Retrieving and processing systemd-logs
Open5Gs Network function logs
The 5G-Core-Unit consists of several Network-function as shown in this image, e.g. UPF, AMF…
The gNB (or GNodeB) and the UE (User Equipment) are however not part of the core. [1]
Each network function and its corresponding Linux service writes log data to the /var/log/open5gs/ directory.
These log files can be accessed either by directly reading the files (which requires root access) or by using the
journalctl command. The journalctl command takes approximately 300 times longer than simply reading the log files
directly. Due to the possibility of changing settings and therefore variable log destinations, the tool first attempts
to locate the log files in the provided directory. If no log files are found, the tool then executes the journalctl
command.
open5g_rake
The diagram illustrates the fundamental principle of the open5g_rake module. The user creates an Open5GRake
instance, which enables the caller to directly access the log data via the rake_raw() function or parse it
into a validated RFC 8259 JSON string using the rake_json() function. Upon initialization, Open5GRake
creates a list of Service objects based on systemd’s output. Each service instance can retrieve its log
data and pass it back when necessary.
Service-Object
The Service-Object is utilized to streamline access to systemd-service data (status/logs). The function
__get_status() is invoked to update its private attribute __status, which retains information pertaining to
the service.
Status
status - The service is either active or inactive
since - When the service starts or ends a date is stored
memory - The memory used by the service
cpu - Amount in milliseconds the service used on the CPU
result = Bash().run(BashCommands.CTL_STATUS.value.format(service_name=self.service_name))

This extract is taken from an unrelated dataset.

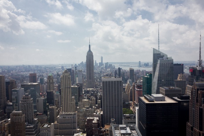 Итак, заходим в холл Центра. Взгляд сразу останавливается на потолке, расписанном картинами. Они нарисованы так, что, если ты смотришь вверх и передвигаешься, картины вслед за твоим взглядом и движением тоже меняют свое положение. Я всегда с настороженностью относилась к высоте, но невозможно обойти вниманием небоскребы – один из символов Нью-Йорка. Передо мной не стоял выбор, на какой из самых знаменитых мне взобраться. Я выбрала смотровую площадку Top of the Rock Рокфеллеровского центра. Здесь, когда поднимаешься наверх, твоему обзору ничего не мешает – ни сетка, ни стекло. А это, если вы хотите сделать хорошие фотографии, очень важно. Ну и, конечно, отсюда видно здание легендарного Эмпайр-стейт-билдинг. В общем, я поднималась в предвкушении новых ярких эмоций. И я их получила! Вид на город – просто потрясающий. Весь Нью-Йорк – словно на ладони. Именно в этот момент меня охватило ощущение, что я становлюсь частью этого города. Интересно, что снимки, сделанные даже на профессиональной аппаратуре, не передают личного ощущения от этого нереального зрелища.

The Bash().run() executes the bash command systemctl status open5gs-upfd.service which has different
output strings for active and inactive services.
systemctl status open5gs-upfd.service output (when active)● open5gs-upfd.service - Open5GS UPF Daemon
Loaded: loaded (/lib/systemd/system/open5gs-upfd.service; enabled; vendor preset: enabled)
Active: active (running) since Sat 2024-01-06 03:20:23 CET; 58min ago
Main PID: 2948 (open5gs-upfd)
Tasks: 2 (limit: 2200)
Memory: 2.0M
CPU: 189ms
CGroup: /system.slice/open5gs-upfd.service
└─2948 /usr/bin/open5gs-upfd -c /etc/open5gs/upf.yaml
systemctl status open5gs-upfd.service output (when inactive)○ open5gs-upfd.service - Open5GS UPF Daemon
Loaded: loaded (/lib/systemd/system/open5gs-upfd.service; enabled; vendor preset: enabled)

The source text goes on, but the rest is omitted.